# p2p VoIP calls. Any software? SIP PBX?



## Anatoly_kch (Dec 6, 2022)

Until now I've used plain old cellphone when supporting users. Sometimes it turns into many hours of conversations, so I'd like to try any p2p solution. Unfortunately, I can't find  anything good enough to fit my requirements:
- Should work without 3rd party server (but it's ok to set up my own)
- Client is behind NAT
- Small multiplatform app (client side: Windows, Linux, FreeBSD, my side: FreeBSD or Android)
- No complex registration for user. (Ideally only enter my IP and thats all)
- Don't care about ssl much, typically I'm not saying anything confidentional.
There are many SIP clients, but I can't connect SIP to SIP if one if them is behind NAT. I know very few about SIP protocol.
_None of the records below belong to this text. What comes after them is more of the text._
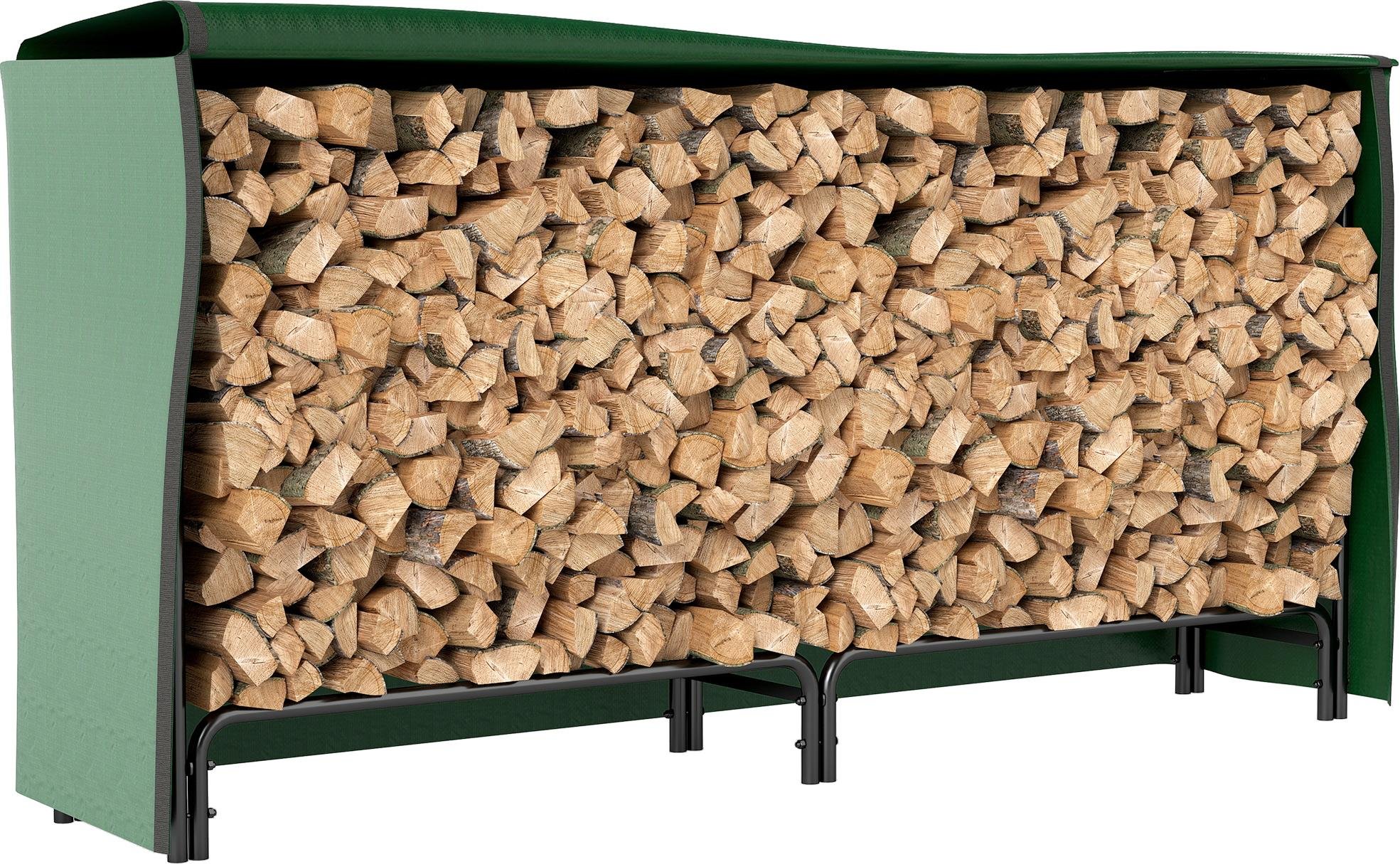 Mokuyary Abri de bûches en acier galvanisé vert 30 x 92 x 153 cm Support de rangement en bois pour intérieur et extérieur pour jardin, débarras, porches, cheminées
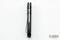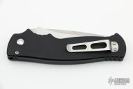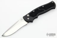 This M2 Auto by Walter Brend features a mirror finished hand ground recurve blade with a notched thumbrest. The handle has a black aluminum frame with a black lip pearl push button, rayskin inlays and a tip up stainless steel clip. Comes with a padded and zippered case. Excellent condition.
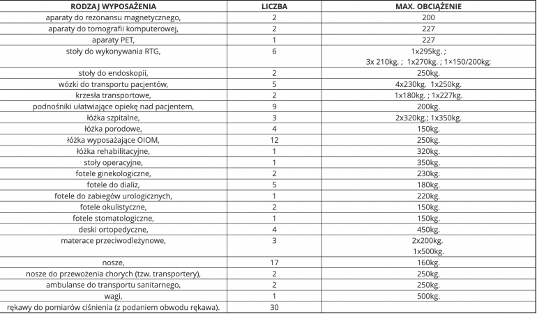 Szpital na potrzeby osób chorych na otyłość III stopnia dysponuje następującym sprzętem:
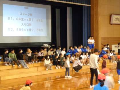 今日のロングわくわくタイムは、運動健康委員会が企画したドッヂボール集会で楽しみました。1年生と6年生、2年生と5年生、3年生と4年生の合同チームが赤団と青団に分かれて対戦しました。どのチームも助け合いながら、笑顔いっぱいの時間となりました。
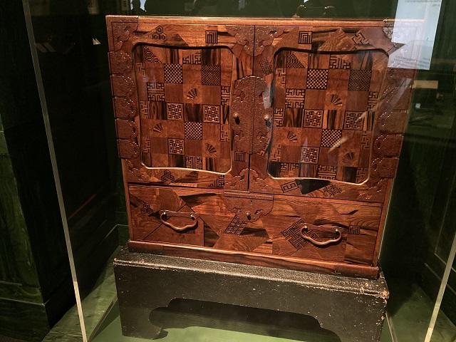 1800年~1850年にイシカワ・ニヘイという人が作った寄せ木細工の箪笥。こうした調度品や家具に、ポター家が豊かな家庭だったことがうかがえますね。
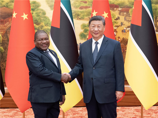 习近平指出,中国和莫桑比克始终风雨同舟、患难与共。近年来,我们多次会晤,引领两国政治互信不断深化,互利合作成果丰硕,中莫关系进入大有可为的新时期。明年将迎来中莫建交50周年,希望双方一道努力,弘扬传统友谊,深化互利合作,赋予中莫全面战略合作伙伴关系新的内涵。
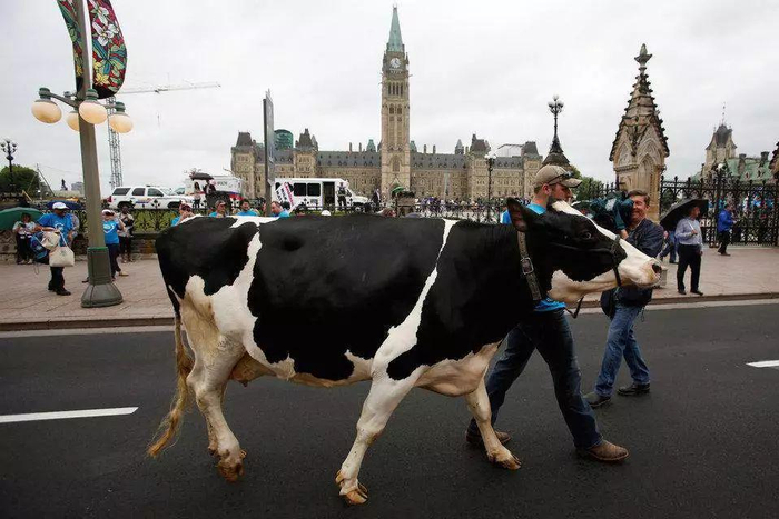 ●2016年,一名加拿大奶农牵着他的奶牛上街,以抗议进口牛奶 / Business Insider
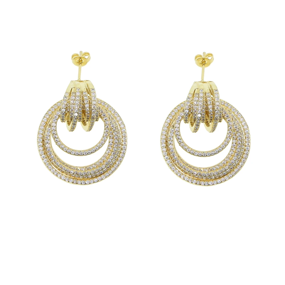 Новый дизайн, много круглых компонентов, большие серьги-гвоздики для женщин, женская Свадебная вечеринка, полностью проложить микро CZ циркониевые ювелирные изделия для ушей
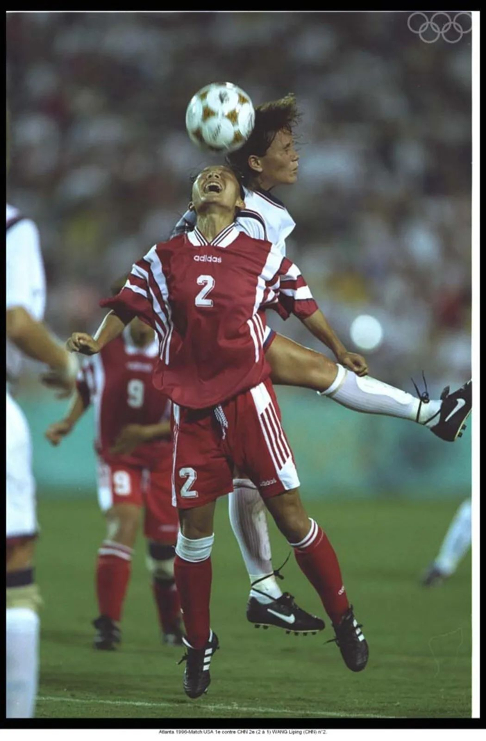 1996年奥运会小组赛,中国队VS美国队,中国球员王丽萍争顶。图片来源:国际奥委会网站。
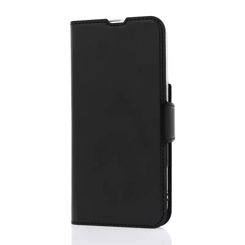 Wave Book Case musta suojakotelo Apple iPhone 16 Pro -puhelimelle. MagSafe-yhteensopiva. Magneettisulkuinen kansi, korttipaikat RFID-suojauksella ja läpinäkyvä muovikelkka (PC). Pintamateriaali laadukasta nahkaa, jossa antimikrobipinnoite.
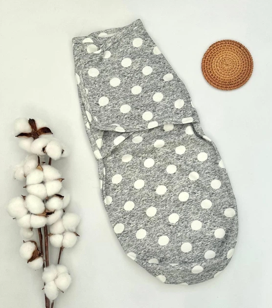 Пелюшка кокон для новонароджених на липучці 56-62 см з інтерлоку Сіра в горох
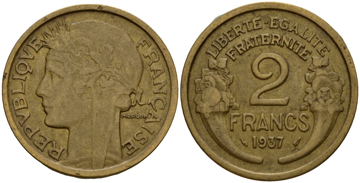 Франция 2 франка 1937 KM 886 алюминиевая бронза 4599-332
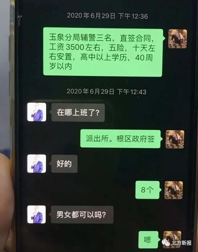 6月30日,大南街派出所民警在日常工作中發(fā)現(xiàn),有人在朋友圈發(fā)布了這樣一條信息:“玉泉區(qū)公安分局招聘輔警3名,直簽合同,工資3500元左右,五險(xiǎn),十天左右安置,高中以上學(xué)歷……”信息末尾留有手機(jī)號(hào)碼。
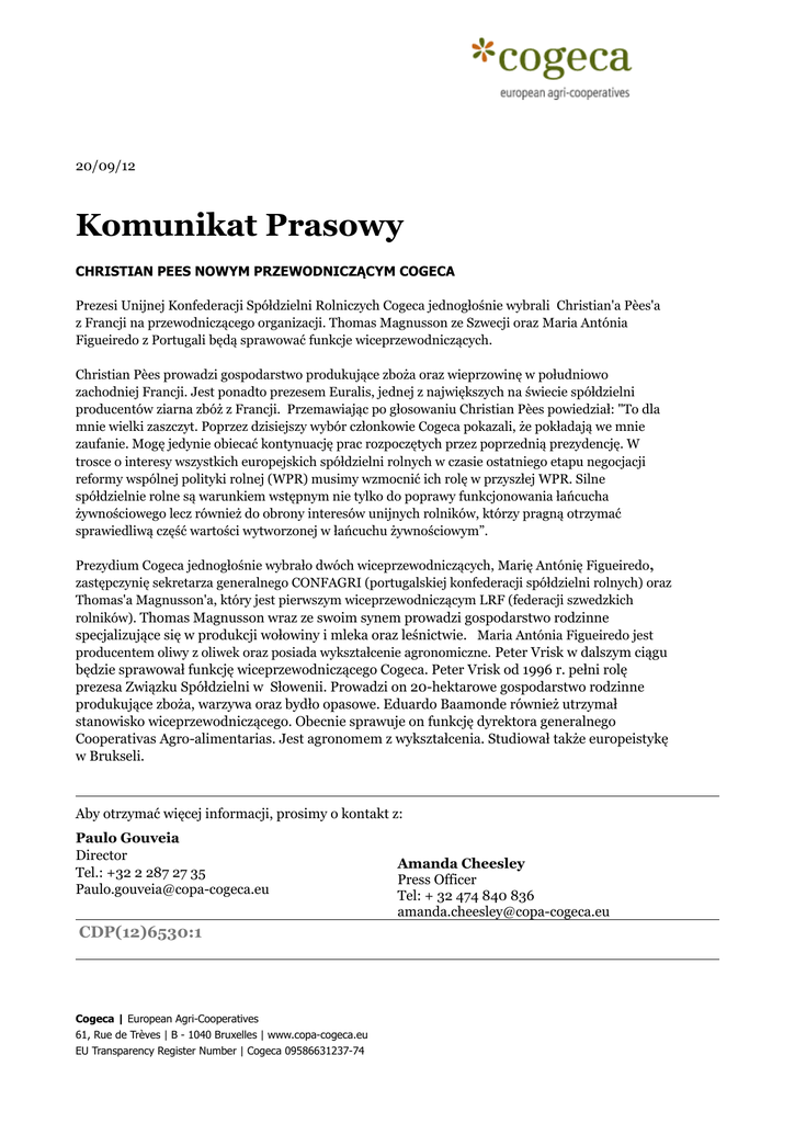 20/09/12 Komunikat Prasowy CHRISTIAN PEES NOWYM PRZEWODNICZĄCYM COGECA Prezesi Unijnej Konfederacji Spółdzielni Rolniczych Cogeca jednogłośnie wybrali Christian'a Pèes'a z Francji na przewodniczącego organizacji. Thomas Magnusson ze Szwecji oraz Maria Antónia Figueiredo z Portugali będą sprawować funkcje wiceprzewodniczących. Christian Pèes prowadzi gospodarstwo produkujące zboża oraz wieprzowinę w południowo zachodniej Francji. Jest ponadto prezesem Euralis, jednej z największych na świecie spółdzielni producentów ziarna zbóż z Francji. Przemawiając po głosowaniu Christian Pèes powiedział: "To dla mnie wielki zaszczyt. Poprzez dzisiejszy wybór członkowie Cogeca pokazali, że pokładają we mnie zaufanie. Mogę jedynie obiecać kontynuację prac rozpoczętych przez poprzednią prezydencję. W trosce o interesy wszystkich europejskich spółdzielni rolnych w czasie ostatniego etapu negocjacji reformy wspólnej polityki rolnej (WPR) musimy wzmocnić ich rolę w przyszłej WPR. Silne spółdzielnie rolne są warunkiem wstępnym nie tylko do poprawy funkcjonowania łańcucha żywnościowego lecz również do obrony interesów unijnych rolników, którzy pragną otrzymać sprawiedliwą część wartości wytworzonej w łańcuchu żywnościowym”. Prezydium Cogeca jednogłośnie wybrało dwóch wiceprzewodniczących, Marię Antónię Figueiredo, zastępczynię sekretarza generalnego CONFAGRI (portugalskiej konfederacji spółdzielni rolnych) oraz Thomas'a Magnusson'a, który jest pierwszym wiceprzewodniczącym LRF (federacji szwedzkich rolników). Thomas Magnusson wraz ze swoim synem prowadzi gospodarstwo rodzinne specjalizujące się w produkcji wołowiny i mleka oraz leśnictwie. Maria Antónia Figueiredo jest producentem oliwy z oliwek oraz posiada wykształcenie agronomiczne. Peter Vrisk w dalszym ciągu będzie sprawował funkcję wiceprzewodniczącego Cogeca. Peter Vrisk od 1996 r. pełni rolę prezesa Związku Spółdzielni w Słowenii. Prowadzi on 20-hektarowe gospodarstwo rodzinne produkujące zboża, warzywa oraz bydło opasowe. Eduardo Baamonde również utrzymał stanowisko wiceprzewodniczącego. Obecnie sprawuje on funkcję dyrektora generalnego Cooperativas Agro-alimentarias. Jest agronomem z wykształcenia. Studiował także europeistykę w Brukseli. Aby otrzymać więcej informacji, prosimy o kontakt z: Paulo Gouveia Director Tel.: +32 2 287 27 35 [email protected] CDP(12)6530:1 Cogeca | European Agri-Cooperatives 61, Rue de Trèves | B - 1040 Bruxelles | www.copa-cogeca.eu EU Transparency Register Number | Cogeca 09586631237-74 Amanda Cheesley Press Officer Tel: + 32 474 840 836 [email protected]

All I can see is that caller connects to UDP port 5060 of acceptor to negotitate call, then acceptor connects back to caller from UDP port 4000 to dynamic UDP port for actual voice channel, but if caller is behind NAT that is not possible, and both sides hear silence.
 Question: Does setting up some PBX like Asteriks can fix that?

Other solutions (pure p2p) I found is:
- Fideliphone https://sourceforge.net/p/fideliphone/
This is FM radio quality (44100, celt 20-96kbps) telephone/conferencing over single UDP port. Dated year 2010, does not builds on my FreeBSD 12.2 desktop, need fix for modern wx widgets. But there are old windows builds laying around on the net (~4MB in size), they seems to be usable under wine.
- Dualarrow https://sourceforge.net/projects/dualarrow/
Pure java p2p phone (speex codec?). Didn't test that yet. Can't consider java lightweight.
Is there are anything better?


----------